September 1921 San Antonio flood
Image Name:Surface weather analysis of the hurricane on September 7 after making landfall
Image Location:Hurricane Two analysis 7 Sep 1921.png
Duration:September 7 – September 11, 1921
Total Damages:$19 million (1921 USD)
Total Fatalities:215 total
Areas Affected:Mexico, Texas

In early September 1921, the remnants of a category 1 hurricane brought damaging floods to areas of Mexico and the U.S. state of Texas, particularly in the San Antonio region.
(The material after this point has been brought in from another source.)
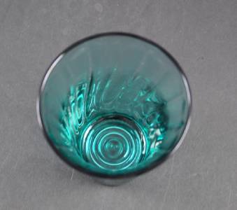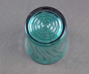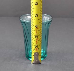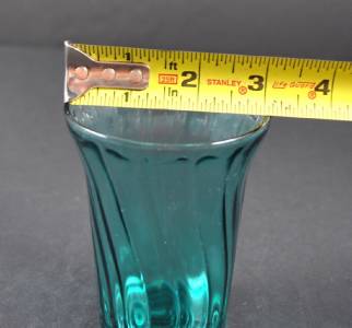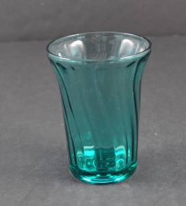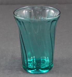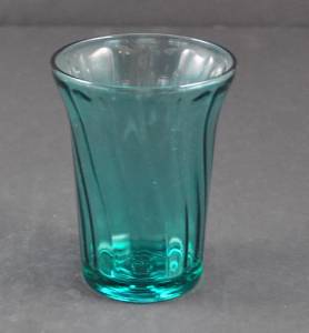 This is a vintage Jeannette nine ounce flat tumbler in the swirl pattern and the aqua blue green Ultramarine color. It is about 4 1/4 inches high. There are not any chips or cracks!!!!

On September 4, a tropical cyclone developed in the southwestern Gulf of Mexico near the Bay of Campeche. Moving slowly in a general westward direction, the disturbance reached hurricane intensity on September 7 prior to making landfall south of Tampico, Mexico the following day. The storm weakened over land, and lost cyclonic characteristics later that day. However, a nearby high-pressure area forced the remnants of the system northward into Texas. Due to an orographic lifting effect, the remnants were able to produce torrential and record rainfall over the state. Precipitation peaked over Central Texas, where the highest rainfall amount measured was 40 in (1,016 mm) near Thrall, Texas; this was the fourth-highest tropical cyclone-related rainfall total in Texas since record keeping began. Similarly, an observation of 36.40 in (925 mm) elsewhere in Williamson County, Texas ranked as the sixth-highest tropical cyclone-related rainfall total for the state. The high precipitation totals set nationwide records which would stand for several years.The loss in money was 19 million in 1921 USD. 2024 dollars=332,816,312.85

Meteorological history

In early September, a trough of low-pressure persisted in the southwestern Gulf of Mexico, near the Bay of Campeche.[1] The area of disturbed weather gradually organized, and was analyzed to have become a tropical depression by 1200 UTC on September 4. In its initial stages after tropical cyclogenesis, the disturbance moved very slowly and did not intensify. Its lack of organization resulted in its estimated misplacement inland over Mexico in the Signal Corps's weather map for September 5.[2] [3] At the time, the storm was estimated to have a minimum barometric pressure of at least 1010 mbar (hPa; 29.83 inHg). The system remained a tropical depression until 0000 UTC on September 6, when it was estimated to have attained tropical storm intensity. Despite the analyzed intensification, the updated Signal Corps weather maps for the tropical cyclone that day indicated that the system had degenerated back into an open trough.[4] Continuing to intensify throughout the day, the tropical storm was estimated to have reached hurricane intensity by the following day.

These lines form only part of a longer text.